От 7 марта 1935 г. (с грифом: Бог
Нация Свастика Труд)
От
начальника связи ЦК Всероссийской фашистской партии (подпись-закорючка)
«Уважаемый
соратник.
Подтверждаю
получение Ваших писем и отчета от 2 декабря 1934 года. Мы тотчас же отписали
Вашему брату и снабдили всем необходимым. Мы согласны с Вами и принятое Вами
решение — не сближаться с помянутой организацией — одобряем, так как очевидно
теперь, что они себя сильно скомпрометировали. Советуем соблюдать конспирацию и
действовать в рамках принятого в Эстонии закона. Статья маркиза Т. получена и
идет в очередном номере журнала „Нация“. Просим в дальнейшем писать
разборчивей. Боимся искажений при расшифровке. Работа нашей организации, как Вы
можете убедиться из газеты „Наш путь“ и приложенного
полугодового доклада, в котором была отмечена активная работа Вашего очага,
идет семимильными шагами вперед во многом благодаря действиям вашим тоже.

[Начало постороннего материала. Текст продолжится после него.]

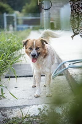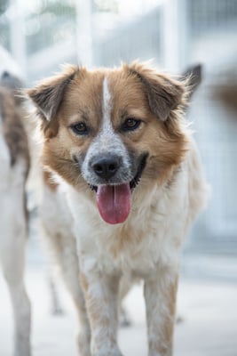 Er ist freundlich und neugierig, mit Menschen ist er aber noch sehr vorsichtig. Er hat sich bisher noch nicht streicheln lassen, kommt aber nah an einem heran und nimmt gerne Leckerli aus der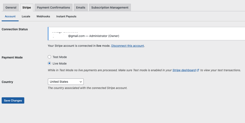 With WP Simple Pay, you can configure your Stripe settings and switch between Test mode and Live mode from the dashboard.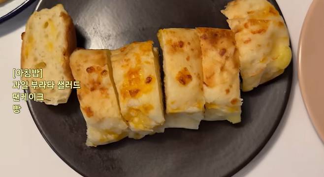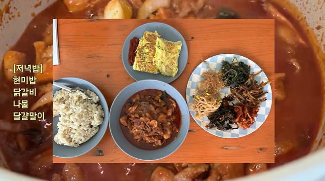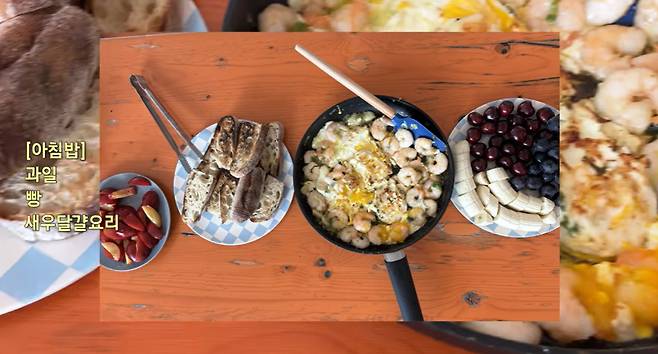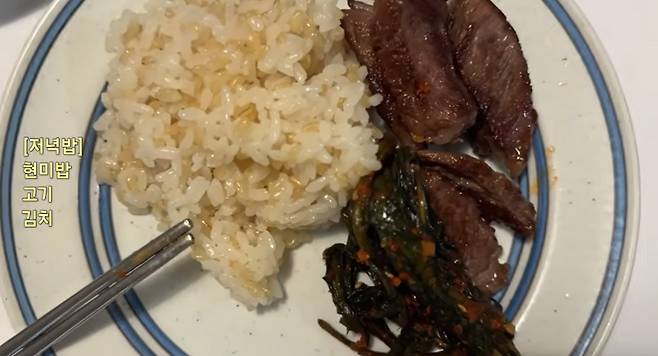 이날 아침식사는 윤승아의 식단에 자주 등장하는 부라타 치즈와 과일, 빵이다. 저녁은 고기와 김치, 밥으로 단출하게 먹었다.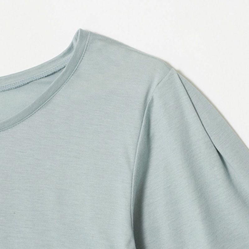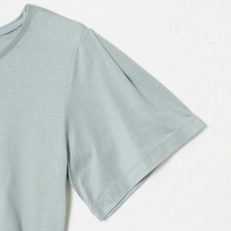 バックに入った切り替えが印象的なトップス。 切り替え部分は生地が軽くなっているので通気性が良く、蒸れる心配が少なくなっています。 少しゆとりのあるシルエットなので、動きやすく、滑らかな肌触りで着心地も抜群です。 日本製の作りの良さも魅力です。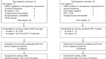 We further assessed the quality of life as an explorative objective. There were 79 patients with available results from the Quality of Life questionnaire. The global health status and functioning subscales in QLQ-C30 tended to be reduced in the first two months post-administration, but remained stable thereafter (Fig. 4a). The mean physical functioning subscales in QLQ-BR23 remained stable throughout the treatment period (Fig. 4b). Mean change from baseline at any time point in neither questionnaire exceeded the threshold for a clinically meaningful deterioration.
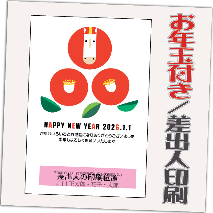 お年玉付き年賀はがきに印刷! はがき代・送料・消費税すべて込みの価格です! ゆうパケットにて発送【年賀状発売日(10/30)より順次発送】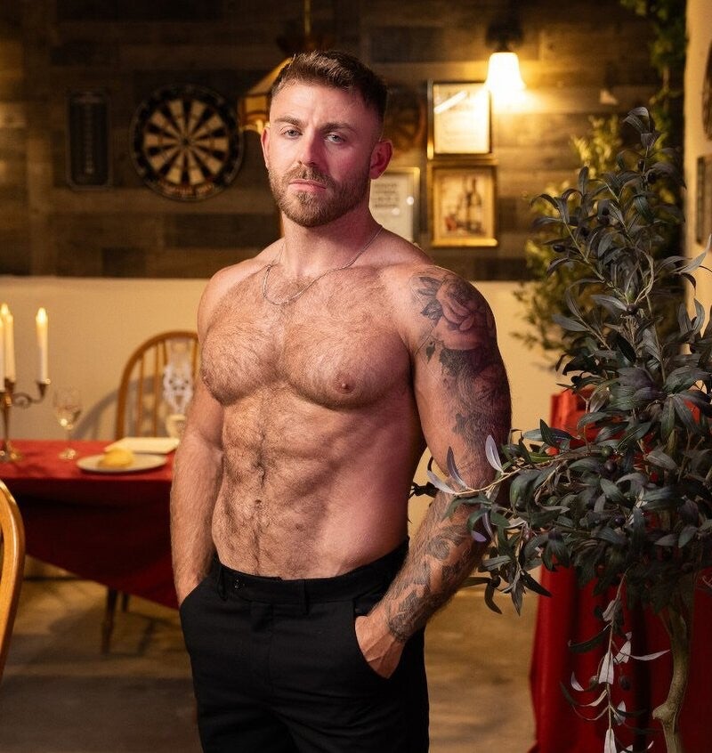 Dom King and his husband Scott Braun's special anniversary dinner is rudely interrupted by frenemies Cookie and River's unexpected arrival at the restaurant and the ensuing huge scene. After Dom chases them off, Scott calms his husband down, and they share romantic spaghetti for two that ends with PDA so blatant, the waiter runs away to the kitchen. The guys undress and suck each other, clearing the table so Dom can bend his husband over it. Scott rides the top on a chair, then Dom fucks the bearded hunk on the table until his husband cums. Scott's anniversary present: a facial!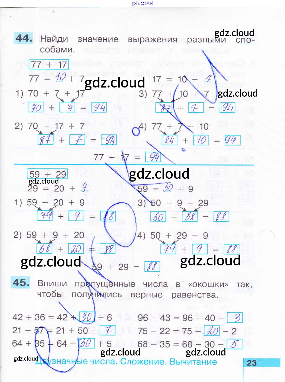Ответ на задание 23 Рабочая тетрадь Математика за 2 (второй) класс Истомина, Редько 2016 Часть 1, 2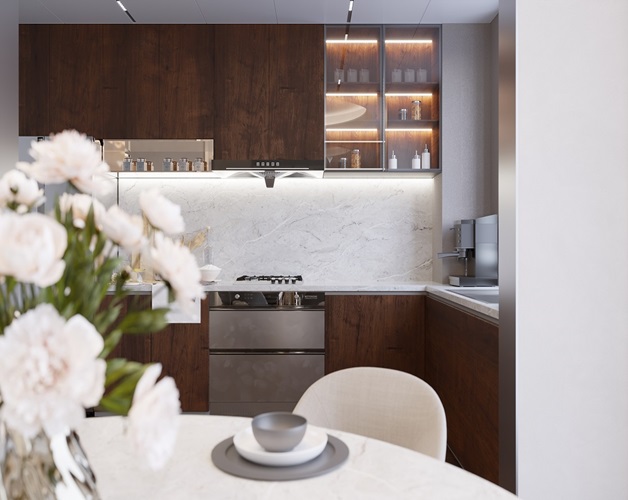Những đường vân mảnh mai màu trắng trên nền đá hiệu ứng cẩm thạch điểm xuyết xanh nhạt độc đáo của VICOSTONE® Verdelia BQ7704 gợi nhắc đến biển xanh như ngọc dịu mát, an lành trong ánh nắng lấp lánh buổi bình minh.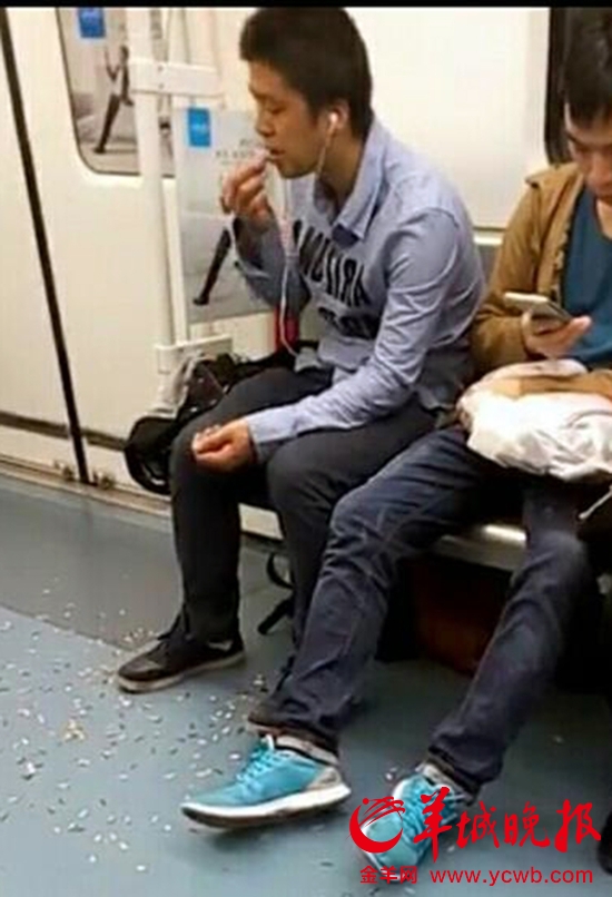 原标题:广州一男子搭地铁嗑瓜子 网友:与"凤爪女"天生一对

Одновременно с сим посылаем
Вам по Вашей просьбе еще „Азбуки фашизма“. В „Виа
Америка“ идет другое послание с некоторым конспиративным содержанием. Будут еще
желающие выписать, сообщите.
Пишите
больше для „Нашего пути“.
Как
Вы видите, Ваш материал о сатанистах мы использовали довольно ударно.
Ждем
дальнейшего.
Слава
России!
С
фашистским приветом».
В
докладе Борис нашел несколько добрых слов в адрес «дерптского
очага в Эстонии», члены которого, рискуя своей жизнью, переправляют
систематически «Азбуку фашизма», журнал «Нация» и газету «Наш путь» в
большевистскую Россию. Были цифры. Они впечатляли. Для транспортирования в СССР
за отчетный период выпущено 120 тысяч экземпляров листовок различных
наименований, в том числе «Братья», «К пограничной страже СССР», «Кто нас
неволит». Значительная часть этой литературы проникла в СССР
и сделала свое дело. Чины советской пограничной стражи в некоторых районах с
большим интересом знакомятся с фашистской литературой. Наблюдается интерес со
стороны комсомольцев...
Борис
ехал в поезде, читал и скрежетал зубами. Созданы юношеские и детские
организации: «Союз юных фашистов», «Союз фашистских крошек»... ежемесячная
газета «Русь» в Болгарии... «Фашистская страница» в Тяньцзинской
газете «Возрождение Азии»... открываются курсы, русский клуб в Харбине,
драмкружок, оперная студия, хор и фашистский симфонический оркестр... ведется
разведывательная работа... наблюдение за членами ВФП в отношении их связей,
знакомств и сохранения ими чистоплотности помыслов и достоинства ВФП в
окружающей среде... сбор редких книг по иудомасонству...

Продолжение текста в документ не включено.